* **Information provided**:
* * * * * * *

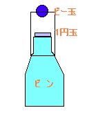 | 1円玉を通り抜けるビー玉 | ![]() | 質量の違いにより、エネルギーに違いが出るため、次のようなマジックができる。図のようにビンの口に1円玉を置く。そして、紙で作った筒をかぶせる。最後にビー玉を上から落とす。すると、1円玉がはじかれて、ビー玉がビンの中に入る。筒をはずすと、一円玉はビンの口の上に置かれた状態になっている。 (TBSニュースステーション1999.12.5より) | |
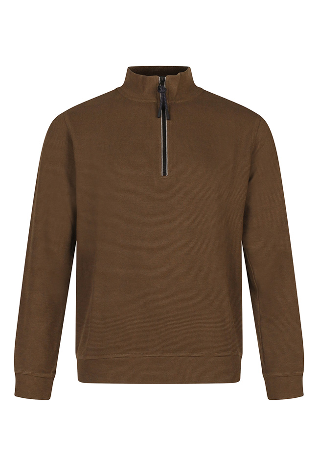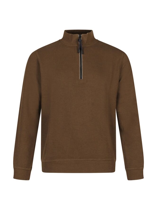 Deze sweater heeft een korte rits met een fijne hoogsluitende kraag.
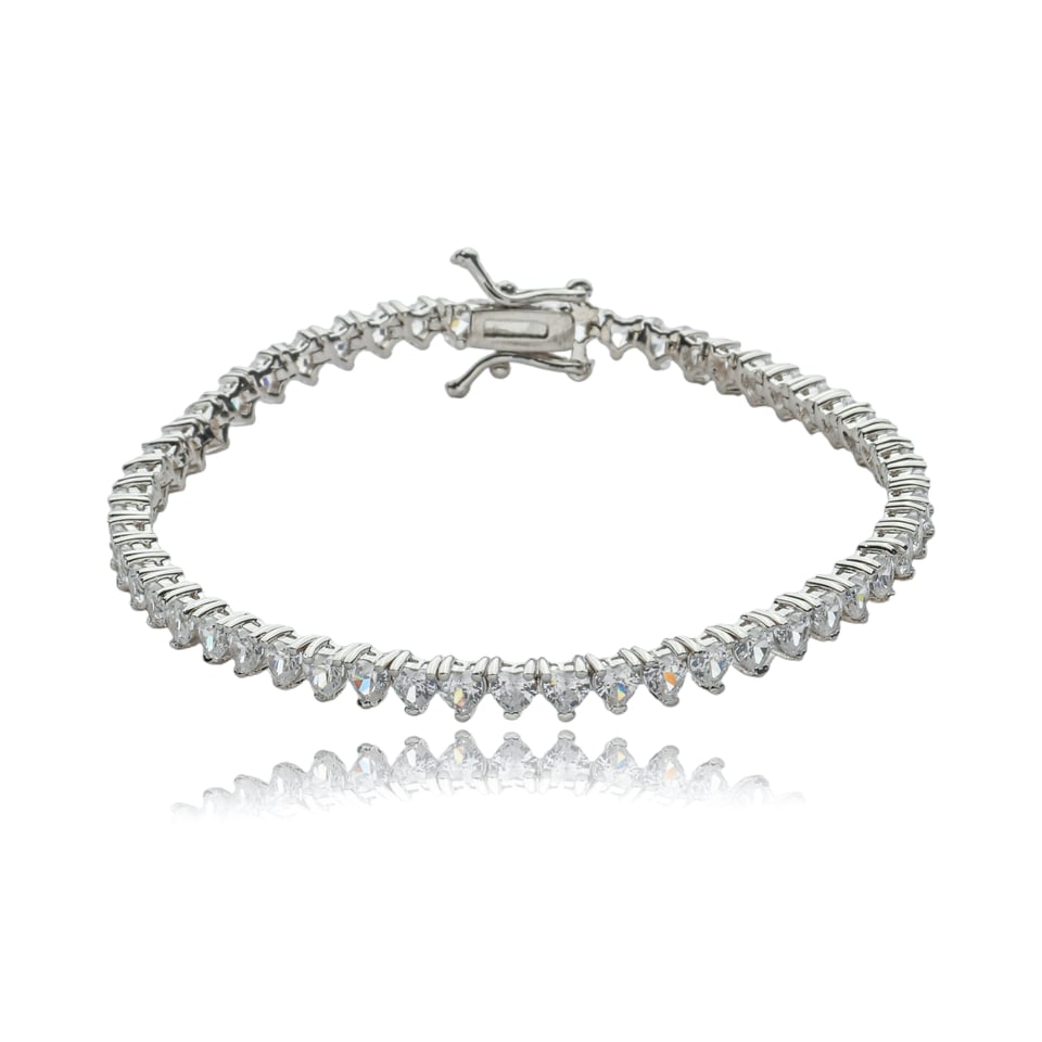 Pulseira banho de ródio com cravação de zircônias na cor branco (cristal).

* * * * * * *

* **Task brief**:
Output the listing exactly, pictures excluded.

* **Solution**:
 | 1円玉を通り抜けるビー玉 | ![]() | 質量の違いにより、エネルギーに違いが出るため、次のようなマジックができる。図のようにビンの口に1円玉を置く。そして、紙で作った筒をかぶせる。最後にビー玉を上から落とす。すると、1円玉がはじかれて、ビー玉がビンの中に入る。筒をはずすと、一円玉はビンの口の上に置かれた状態になっている。 (TBSニュースステーション1999.12.5より) | |
 Deze sweater heeft een korte rits met een fijne hoogsluitende kraag.
 Pulseira banho de ródio com cravação de zircônias na cor branco (cristal).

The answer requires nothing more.